Posted on:1991-03-19Degree:Ph.DType:Thesis
University:Rutgers The State University of New Jersey - New BrunswickCandidate:Mariani, GiorgioFull Text:PDF
GTID:2475390017950707Subject:Literature
Abstract/Summary:
Despite Crane's great interest in significant social themes of his time, very few critics have tried to analyze his work from a social as well as a literary perspective. My study, on the contrary, tries to show that only an analysis capable of grasping the politics of Crane's texts can adequately account for their stylistic and aesthetic qualities.
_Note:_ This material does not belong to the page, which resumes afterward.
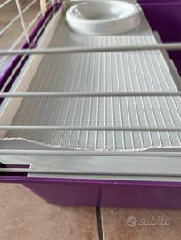 Vendo gabbia completa, usata per conigli o altri piccoli animali , con l’aggiunta di una lettiera che si può usare all’interno o all’esterno della gabbia H 42 L 50 x 78 Nelle ultime tre foto i segni di usura da parte della coniglietta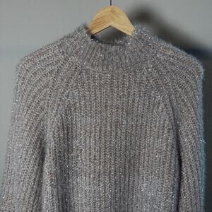 See and Be Seen Women's Silver Metallic and Tan Eyelash Sweater Size S

In fact the latter should be seen as ideological maneuvers in their own right--as a stylistic machinery through which the texts map, repress, and find imaginary solutions to the social and political anxieties they themselves evoke.; Crane's literary career can be outlined in some sense as a continuous struggle to mark a difference between his work and popular literature. Yet, in Chapter I, I also analyze the way in which Crane's spectacular rhetoric may overlap with the desire for thrilling spectacles that characterized the embryonic consumer society of the day. Later in the thesis, by proposing new readings of Maggie: A Girl of the Streets (Chapter II) and The Red Badge of Courage (Chapter V) against the background of popular genres of the day (discussed in Chapters II and V) I explore the writer's attempt to differentiate his own productions from those of the culture industry. However, I also argue that Crane's texts embody and yet contain and manipulate social anxieties to the extent that what appears initially to be a critique of certain social realities falls prey to ideologies that are neither politically subversive nor always more enlightening than the ones he castigates in popular culture.